** INFORMATION SUPPLIED **

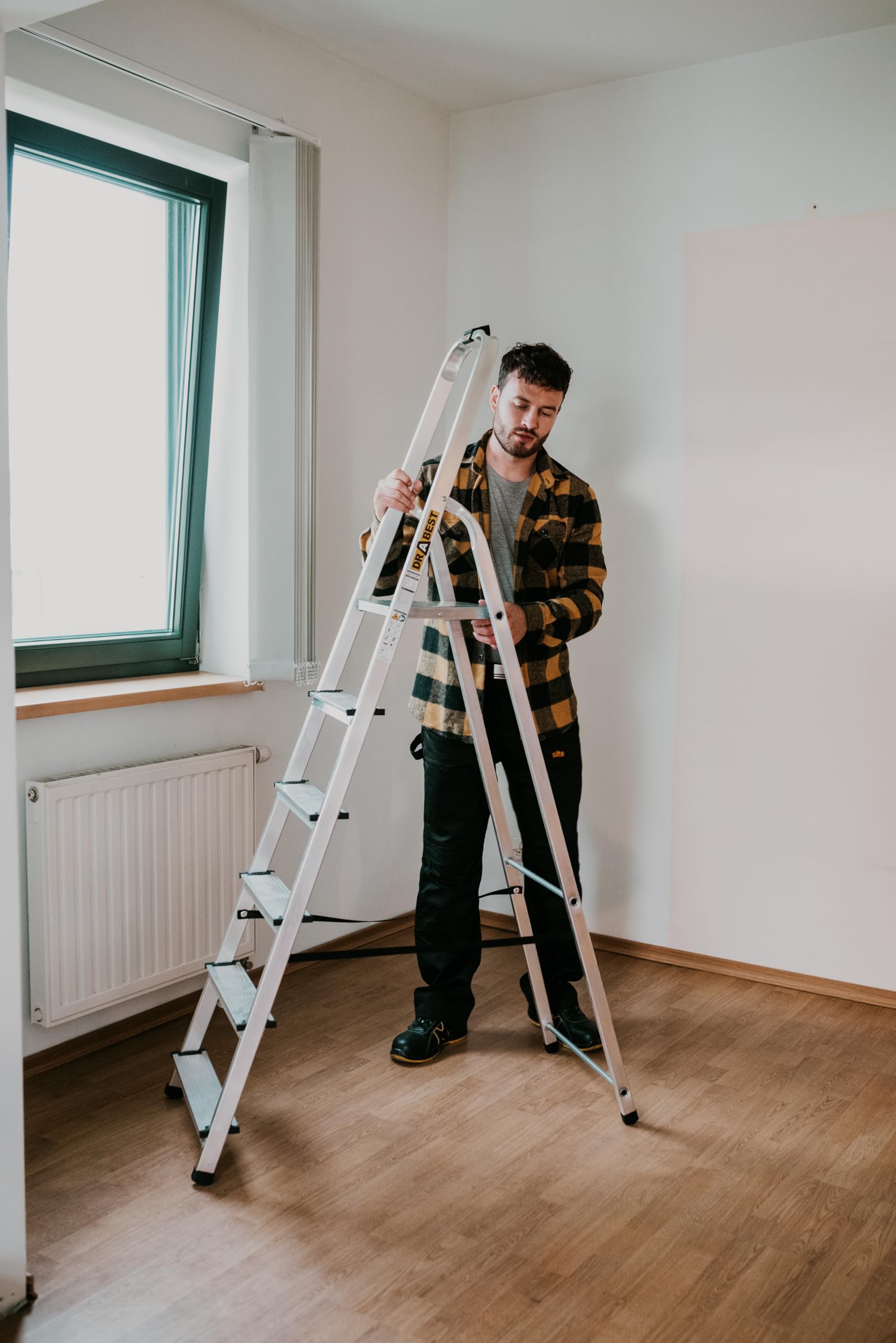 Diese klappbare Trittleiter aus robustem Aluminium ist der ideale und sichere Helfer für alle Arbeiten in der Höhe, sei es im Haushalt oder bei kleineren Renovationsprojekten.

--

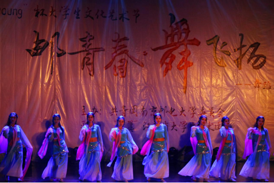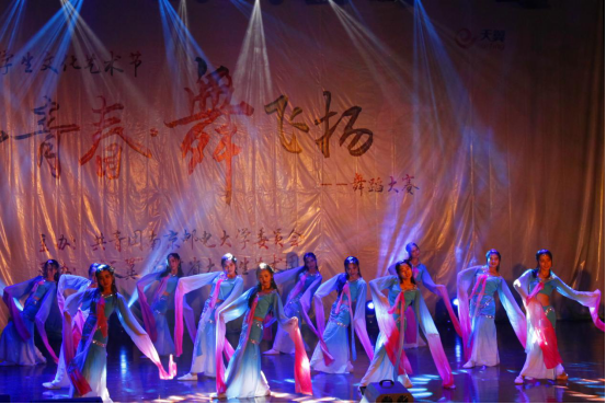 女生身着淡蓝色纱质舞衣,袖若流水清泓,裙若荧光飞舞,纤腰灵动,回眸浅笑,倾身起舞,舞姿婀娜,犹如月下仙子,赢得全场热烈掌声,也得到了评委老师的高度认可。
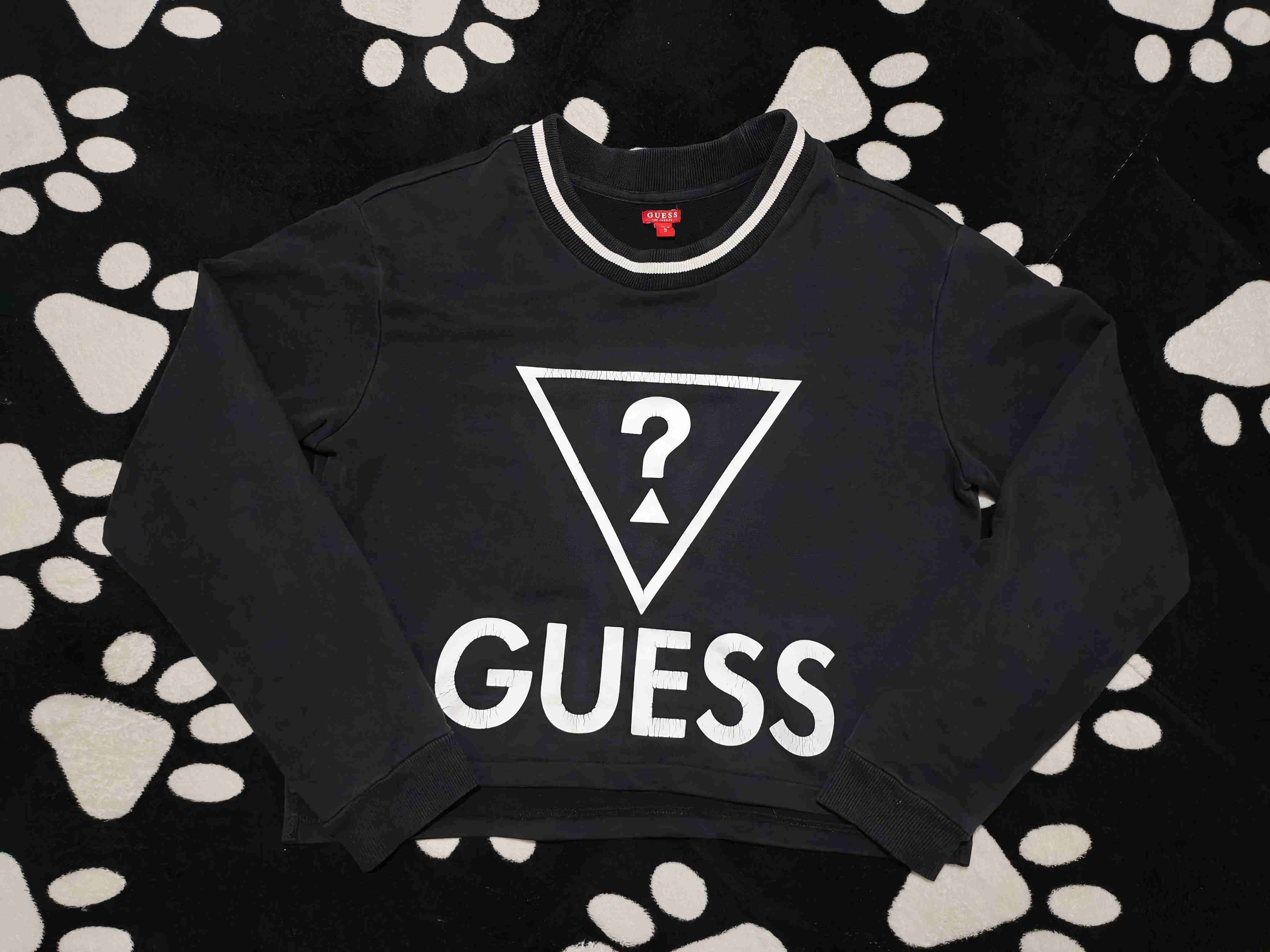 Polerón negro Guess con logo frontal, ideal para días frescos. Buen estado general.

--

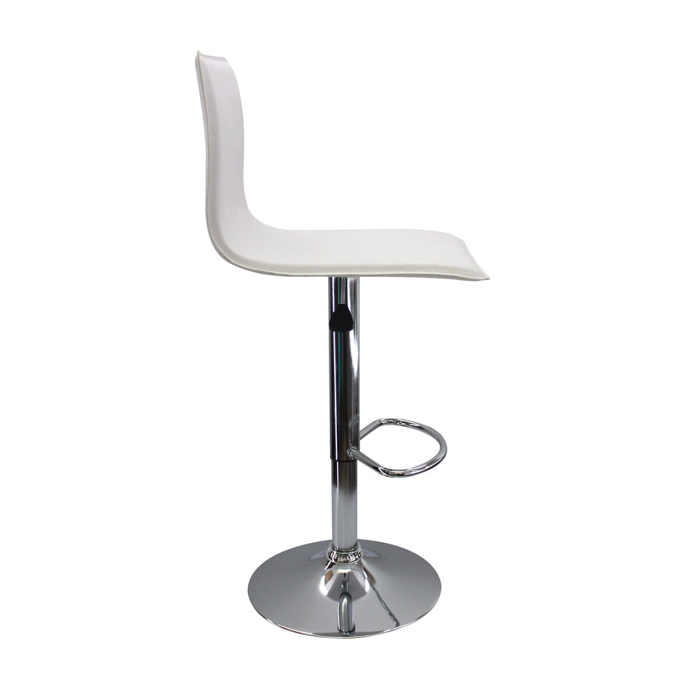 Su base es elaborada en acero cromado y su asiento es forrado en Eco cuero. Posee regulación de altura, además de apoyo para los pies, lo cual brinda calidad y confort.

** EXERCISE **
Beginning with the line above that contains "女生身着淡蓝色纱质舞衣,袖若" and finishing with the line that contains "Polerón negro Guess", print those lines exactly and only. Skip all pictures.

** OUTPUT FOR THIS TASK **
 女生身着淡蓝色纱质舞衣,袖若流水清泓,裙若荧光飞舞,纤腰灵动,回眸浅笑,倾身起舞,舞姿婀娜,犹如月下仙子,赢得全场热烈掌声,也得到了评委老师的高度认可。
 Polerón negro Guess con logo frontal, ideal para días frescos. Buen estado general.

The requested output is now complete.